= Holger Jens Schünemann =

German-canadian physician scientist and epidemiologist (born 1967)

Holger Jens Schünemann (born 8 March 1967 in Braunschweig, Germany) is a physician and professor of Preventive Medicine and Public Health and professor emeritus of medicine and Clinical epidemiology. Since 1 December 2023 he is Director of the Clinical Epidemiology and Research Center (CERC) at Humanitas University. From 1 February 2009 to 30 June 2019 he was the chair of the Department of Health Research Methods, Evidence, and Impact (formerly the "Department of Clinical Epidemiology and Biostatistics") at McMaster University in Hamilton, Canada, where he is an active emeritus professor.

He also holds or held positions as professor at the University at Buffalo, Department of Medicine, US; visiting professor at the University of Freiburg, Germany; director of Cochrane Canada; and director of the McMaster GRADE Centre.

== Education ==
Schünemann studied epidemiology (M.Sc. in epidemiology, 1997) during his postdoctoral fellowship in molecular and cellular biology. He then conducted population-based studies on the association between oxidative stress, micronutrients and respiratory health with a promotion to a Ph.D. degree (epidemiology & community medicine, 2000) and also completed training in internal medicine and preventive medicine at the Medical School of Hannover, Germany, and at the University at Buffalo, where he joined the faculty in 2000. In 1994 he received a doctor medicinae degree with a sports and exercise physiology thesis on carbon dioxide transport and exchange after obtaining his
medical degree from the Medical School of Hannover, Germany.

== Career ==
After four years on the faculty at the University at Buffalo, from 2005 to 2009 Schünemann was at the Italian National Cancer Center in Rome, Italy, before moving to McMaster University as a full-time professor and becoming chair of clinical epidemiology and biostatistics. In his second term as chair of this prestigious department, he led the strategic plan to refocus the department as the "Department of Health Research Methods, Evidence, and Impact (HEI)", a first of its kind.

Schünemann's scientific work focuses on evidence synthesis, quality of life research and the development and presentation of healthcare recommendations spanning several disciplines from Clinical Medicine to Public Health.

Schünemann has authored or co-authored over 1000 peer-reviewed publications. He has been named by Thomson Reuters and then Clarivate as one of the most influential 3,000 scientific minds of current times across scientific disciplines (from agriculture to zoology) annually since 2015 and is listed amongst the 500 most highly cited scientists.

Schünemann is past chair of the Guidelines International Network's Board of Trustees and of the GRADE Working Group.

=== Guidelines development, ecosystem of health-decision making and GRADE methodology ===

As a key contributor to the revised methods for WHO guideline development in 2006, and the Institute of Medicine statement on trustworthy guidelines in 2011, Schünemann has co-led the reshaping of guideline development methodology. He has co-chaired the GRADE Working Group since 2009 and in 2024 became its sole chair, for which he coined the name GRADE and has played a major role in disseminating its spirit of collaboration, openness, the advancement of evidence assessment, and the creation of better health care recommendations. GRADE is an acronym for Grading of Recommendations Assessment, Development and Evaluation. The result of the group's efforts is a common, sensible, and transparent approach to grading the quality (or certainty) of evidence and grading the strength of healthcare recommendations – this is called the GRADE approach.

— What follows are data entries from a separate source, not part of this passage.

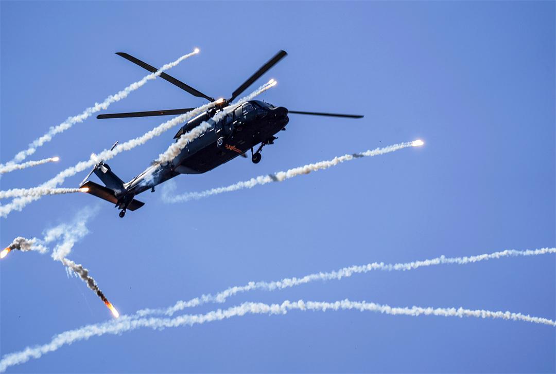 圖為直-20戰(zhàn)機(jī)發(fā)射干擾彈。陳凱 攝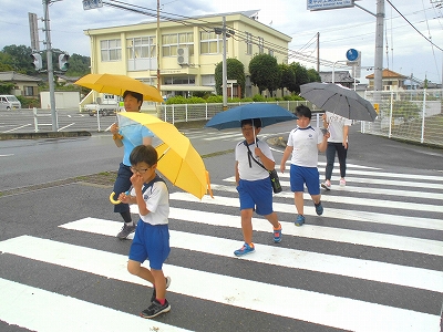 雨の修学旅行を想定して、雨具を利用しながら校外まで散策します。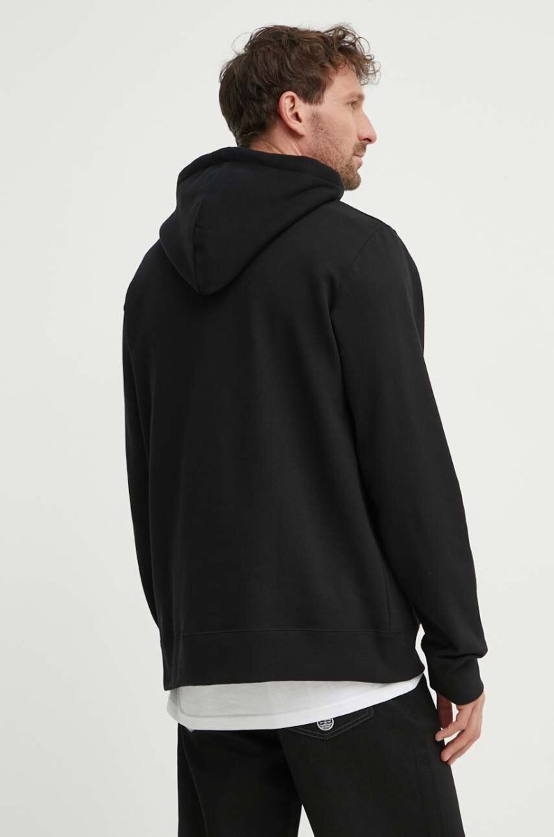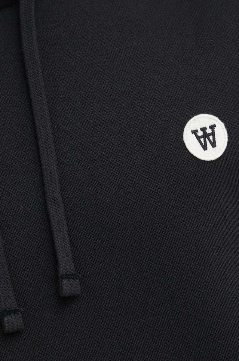Бавовняна кофта Wood Wood чоловіча колір чорний з капюшоном однотонна

It includes an approach to trustworthy rapid development of guideline recommendations and their transparent development to the context, called GRADE Adolopment.

Schünemann's work also focuses on the practical application of scientific evidence by researchers and clinicians, through co-inventing tools like the GRADEpro guideline development tool, and pioneering the use of GRADE Evidence to Decision tables, now reworked as GRADE Evidence to Decision Frameworks. He co-lead the work on creating synergy in the ecosystem of health-decision making across actors which the group coined "theory of everything in health decision-making". This work is advanced in part through Schünemann's work as director of the WHO Collaborating Center for Evidence-Based Decision-Making in Health at Humanitas University. In the context of health decision-making, which requires careful balancing of benefits and harms (that are inevitable), and the guideline science he recoined the principle of "do no harm" into "do no net harm".

During the COVID-19 pandemic he created with his colleagues a "go to" crowdsourcing portal for developers of healthcare recommendations in collaboration with the Guideline International Network. This approach is now known as recommendation mapping.

He also is the head of the steering group for the INGUIDE Guideline Development Training & Certification Program.